** EXERCISE DATA **
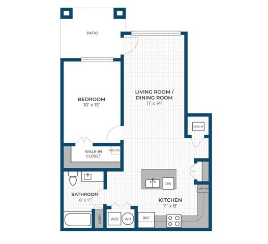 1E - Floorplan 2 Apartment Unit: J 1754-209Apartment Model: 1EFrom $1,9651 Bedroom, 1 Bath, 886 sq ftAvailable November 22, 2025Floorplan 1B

---

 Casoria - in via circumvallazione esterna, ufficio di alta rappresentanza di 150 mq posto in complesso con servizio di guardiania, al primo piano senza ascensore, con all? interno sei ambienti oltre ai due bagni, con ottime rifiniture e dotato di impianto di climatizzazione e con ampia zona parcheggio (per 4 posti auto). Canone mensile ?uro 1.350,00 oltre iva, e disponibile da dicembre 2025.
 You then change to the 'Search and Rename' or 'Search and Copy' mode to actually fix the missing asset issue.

** EXERCISE DIRECTIONS **
Using the entries above, return exactly the lines from the line with "Casoria - in" to the line with "You then change", counting both of those lines.

** SOLUTION TO THIS TASK **
 Casoria - in via circumvallazione esterna, ufficio di alta rappresentanza di 150 mq posto in complesso con servizio di guardiania, al primo piano senza ascensore, con all? interno sei ambienti oltre ai due bagni, con ottime rifiniture e dotato di impianto di climatizzazione e con ampia zona parcheggio (per 4 posti auto). Canone mensile ?uro 1.350,00 oltre iva, e disponibile da dicembre 2025.
 You then change to the 'Search and Rename' or 'Search and Copy' mode to actually fix the missing asset issue.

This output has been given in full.